In striking contrast, mRNAs for the membrane isoform, Paan-AG1, are detectable only post-implantation, i.e., in the placenta. This observation has not been reported in humans, but strongly supports the idea of gestational programming of HLA-G isoforms.

HLA-G in extravillous cytotrophoblast cells

The placenta and its membranes invariably express HLA-G antigens. The initial observation that HLA-G is detectable in this organ was made by Ellis et al. [8, 9], who reported expression in chorionic membrane (extravillous) cytotrophoblast cells in term amniochorion and trophoblast tumor cells. This was followed by the finding of mRNA encoding this molecule in extravillous cytotrophoblast cells of early placentas that were contained in cytotrophoblast cell columns proximal to the decidua [18].

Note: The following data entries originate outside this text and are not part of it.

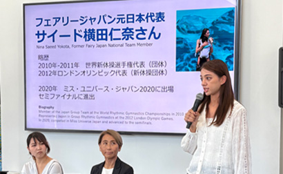 新体操元日本代表の藤野朱美さん、フェアリージャパン元選手のサイード横田仁奈さんも、復興に向けた質問や応援メッセージを届けました。会場では、真剣に耳を傾ける来場者の姿が印象的でした。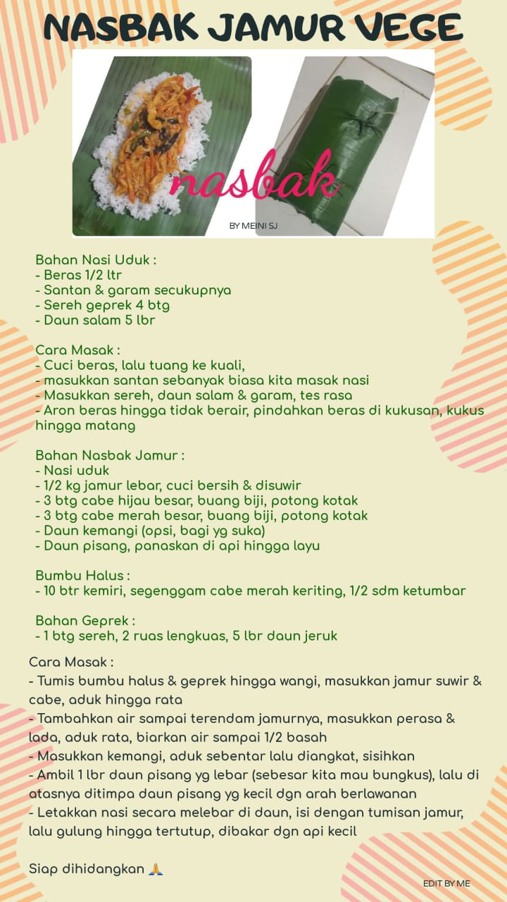 -Letakkan nasi secara melebar di daun, isi dengan tumisan jamur, lalu gulung hingga tertutup, dibakar dgn api kecil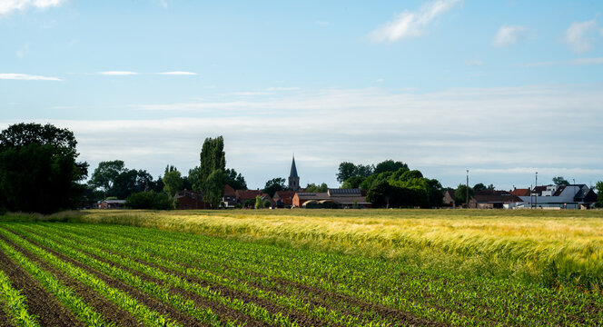 Landscape with Corn and Barley fields in West Flanders, Belgium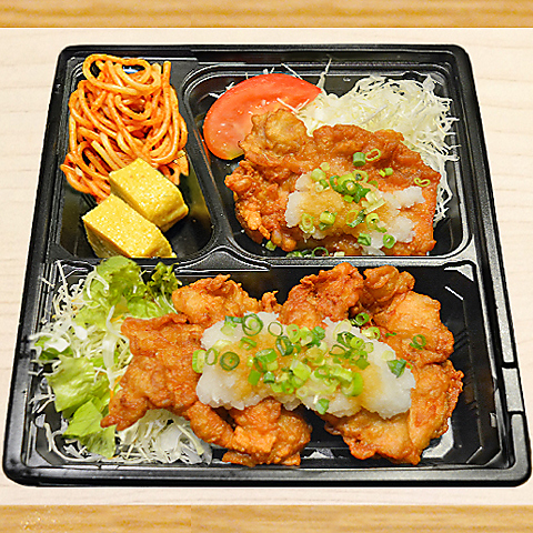 お弁当やうどんメニュー、【唐揚げBOX】に追加としてご注文できます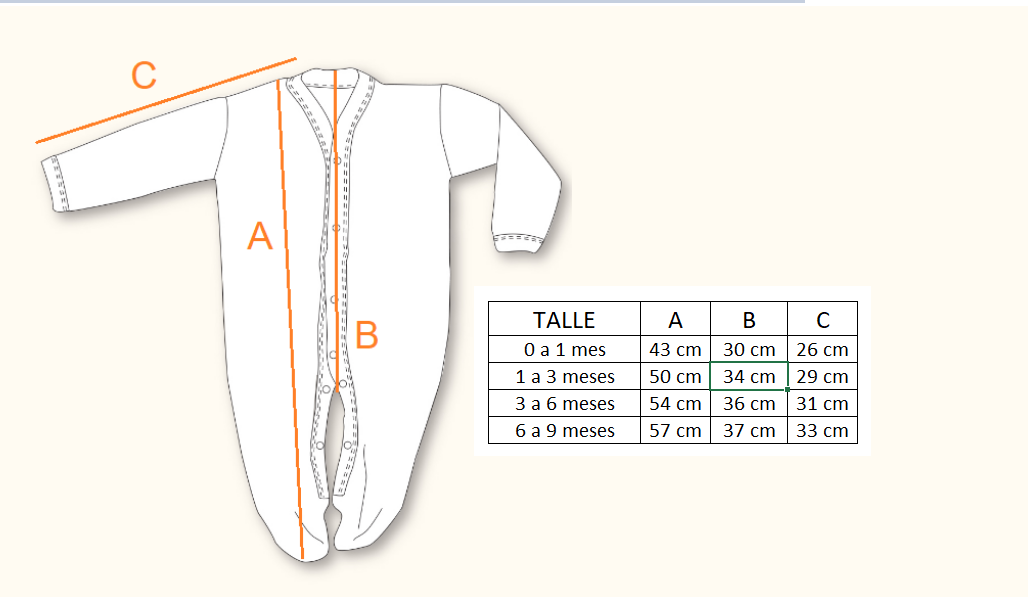 Podés chequear los talles comparando la tabla de con una prenda similar que le quede bien a tu bebé.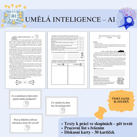 Jedná se o sadu výukových materiálů na téma umělá inteligence, která je určena především pro žáky 2. stupně základních škol. Materiál můžete využít v hodinách informatiky, občanské výchovy, českého jazyka, mediální výchovy nebo při projektových dnech zaměřených na digitální gramotnost.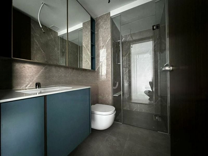 This efficient 63 sq m (678 sq ft) layout features a seamless flow between the living area and the galley kitchen, equipped with quartz countertops and a built-in oven, perfect for culinary enthusiasts. The spacious balcony offers breathtaking high-floor views of the city skyline, while built-in storage cabinets in the hallway provide practical solutions for your storage needs.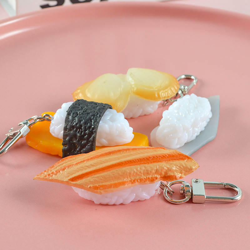 Simulation Japanese salmon small sushi keychain door buckle fun Japanese food and play model creative bag pendant

Investigators are now extremely interested in the structurally diverse isoforms of HLA-G that result from the mRNA splice variants. The functional implications of our collaborative study with C. Ober at the University of Chicago on women with a mutation in the HLA-G gene stimulated much of this activity. In these women, a single base pair deletion at nucleotide 1597 causes a frameshift at amino acid 130 that results in nonfunctional HLA-G1 and –G5 proteins [19]. Immunohistochemical and molecular indices for the expression of other HLA-G isoforms were present that we suggested might compensate for lack of HLA-G1 and –G5 because these women have viable pregnancies [19]. This idea has been adopted and supported by other investigators [20].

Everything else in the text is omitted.